Johnny shouts at me, “I’m leaving you dude. I’m not trying to get wet out here. Damn it Jimmy, never mind, come help me!” His windows were down and they’re jammed now as he tries to roll them up. I run to help him. We get them up. We get in the car. There are food wrappers everywhere. Sand in the seats. Cassettes line the dashboard. We bottom out over three speed humps as we pull away out of town. I roll down the window. The rain has slowed to a dull pitter-patter. With the streets wet, my arm gets splashed as we roll through puddles. The streets glimmer when we pass over oil slicks, and we get onto the highway. “You have to be home at any time?” Johnny asks. I don’t. We have nowhere to go. Nothing to do. No plans. “You mind just driving then?” I don’t. We pass by oil refineries, we pass by farms, and we pass by America and all of its great wontedness. We pass by all of New Jersey, and we roll into New York City. Johnny puts in Simon and Garfunkel. The trip in and out of the city takes us thirty minutes. We only went ten blocks up and five across in the city. Traffic.

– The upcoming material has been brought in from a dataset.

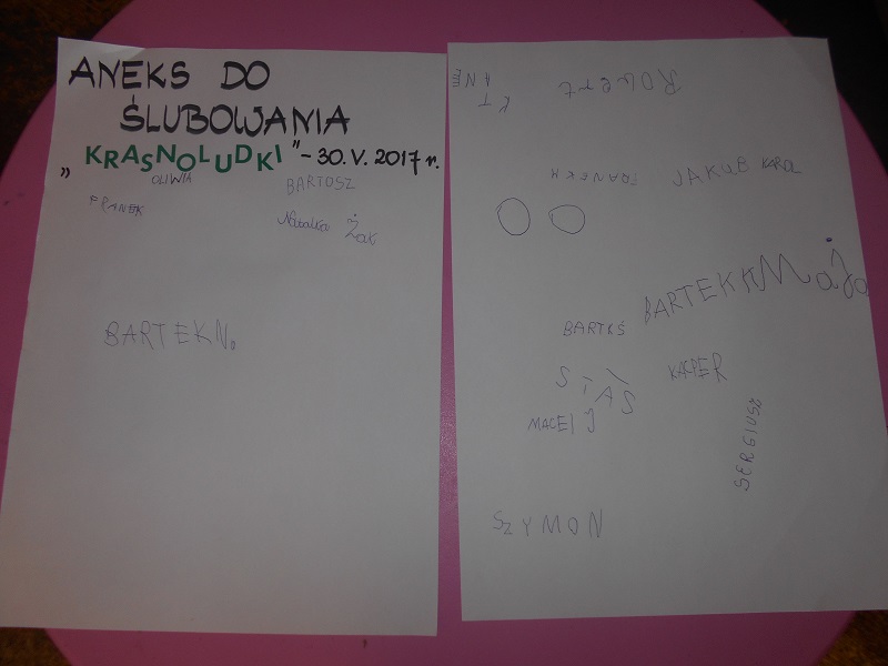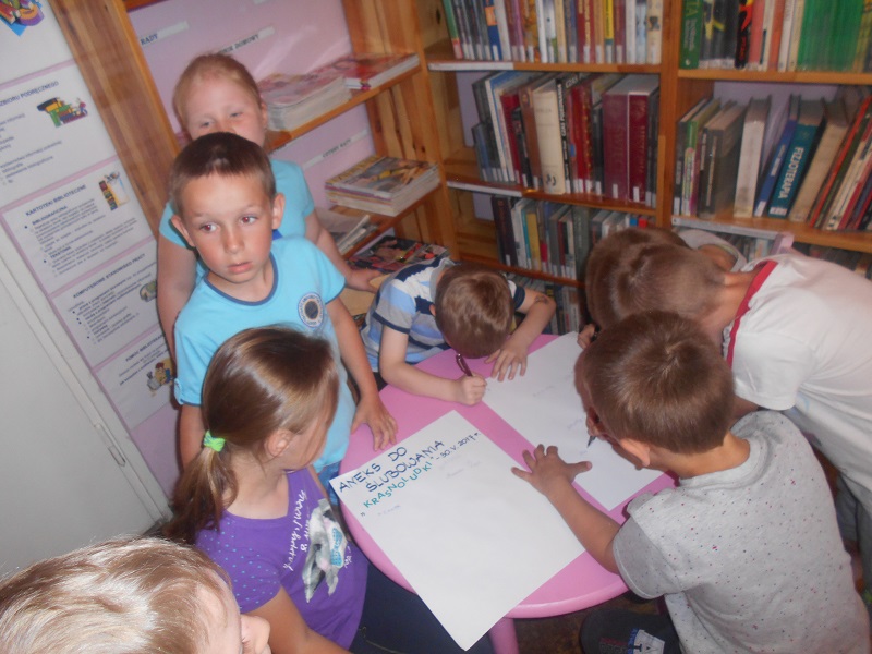 Po takim wprowadzeniu przyszli czytelnicy złożyli uroczyste przyrzeczenie, że zawsze będą szanować książki, po czym następiło uroczyste pasowanie na czytlników . Już jako czytelnicy biblioteki podpisali się pod przysięgą, a pamiątkowy dyplom będzie im przypominał o tym uroczystym wydarzeniu.
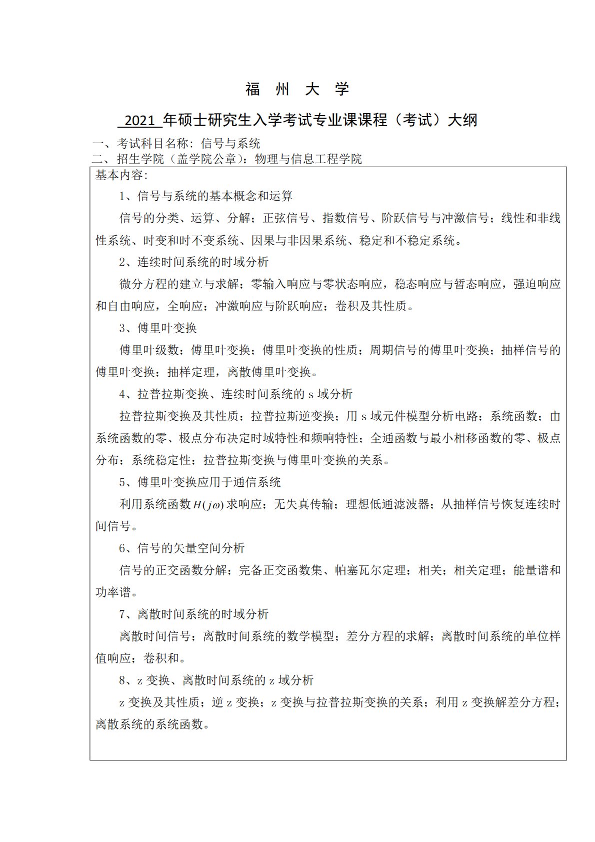 福州大学2021年硕士研究生入学考试专业课课程(考试)大纲一、考试科目名称:信号与系统二、招生学院(盖学院公章):物理与信息工程学院基本内容:1、信号与系统的基本概念和运算信号的分类、运算、分解;正弦信号、指数信号、阶跃信号与冲激信号;线性和非线性系统、时变和时不变系统、因果与非因果系统、稳定和不稳定系统。2、连续时间系统的时域分析微分方程的建立与求解;零输入响应与零状态响应,稳态响应与暂态响应,强迫响应和自由响应,全响应;冲激响应与阶跃响应;卷积及其性质。3、傅里叶变换傅里叶级数;傅里叶变换;傅里叶变换的性质;周期信号的傅里叶变换;抽样信号的傅里叶变换;抽样定理,离散傅里叶变换。4、拉普拉斯...

We had traveled forty miles just to turn around. Johnny drops me off at my house. It’s three o’clock in the morning. We had been cracking each other up the whole night. Singing. Ripping through butts. He cranked the crackling speakers when, “America,” came on. We roared. “Counting the cars on the NEW JERSEY TURNPIKE, WE’VE ALL GONE TO LOOK FOR AMERICA.” In the driveway he grabs my arm, before I’m able to get out. “You smell that?” he asks. I don’t at first. Then I hear him giggling. His face looks like it stalled out. Then it hits me. The sound comes first. Then I get it- right in the face. Then the smell comes too. It’s vile. Putrid. It’s a fart that’s got weight, it’s got tambour, it’s got texture. I can touch it, I can taste it. “Smells like America,” he says. I laugh. But whenever I smell that fart again I know it will smell like tonight. I close the car door behind me. I still feel Johnny’s hand on my arm even though he’s pulled away. The rain has stopped.

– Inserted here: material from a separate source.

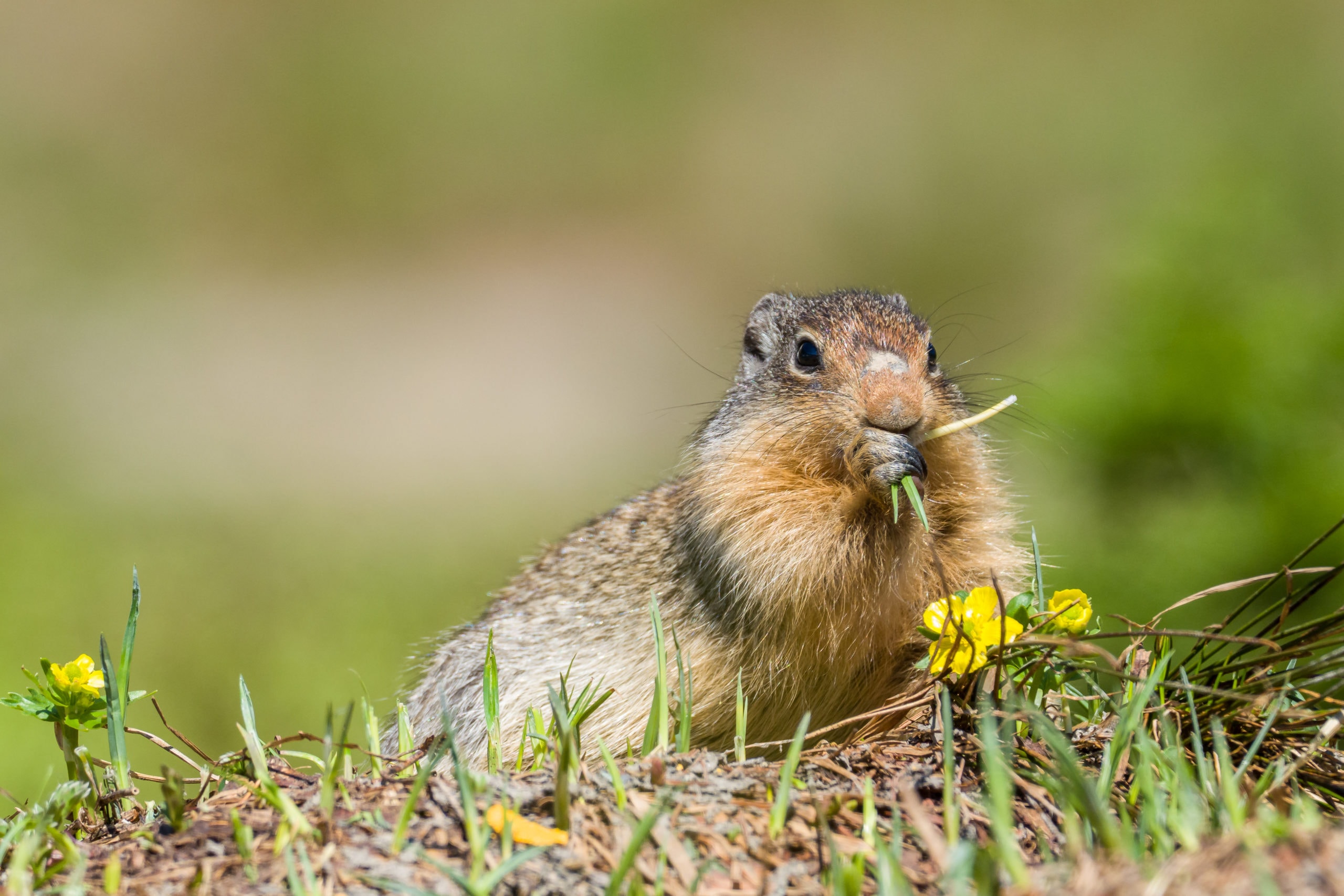 We base our workshop out of Saint Mary, Montana on the east side of the park as this lets us get to some of the best wildlife and landscape photography quickly. We made several visits to the Logan Pass area where scrambling Mountain Goats with young were found each visit! Rocky Mountain Bighorn Sheep were found in several locations with some incredibly close and scenic photography locations. Columbian Ground Squirrels and Hoary Marmots are large rodents that scampered among high elevation wildflowers and provided some fun images. One night we went to a location along Saint Mary Lake for some starry sky images and another location along this lake was incredible while watching a storm over Logan Pass and I managed to capture one of the bolts in an image!

I get to the garage door. The rubber buttons on the touch pad door opener feel like spider webs, and bee stings, and tears. Every time after this they’ll feel and smell like far away fires, and farts, and nighttime. They’ll sound like Johnny’s “Cuccaroacha” car horn, and giggling. Never all at once, though. Never with any sense of entirety, or romance, or completion, and that’s what gets me.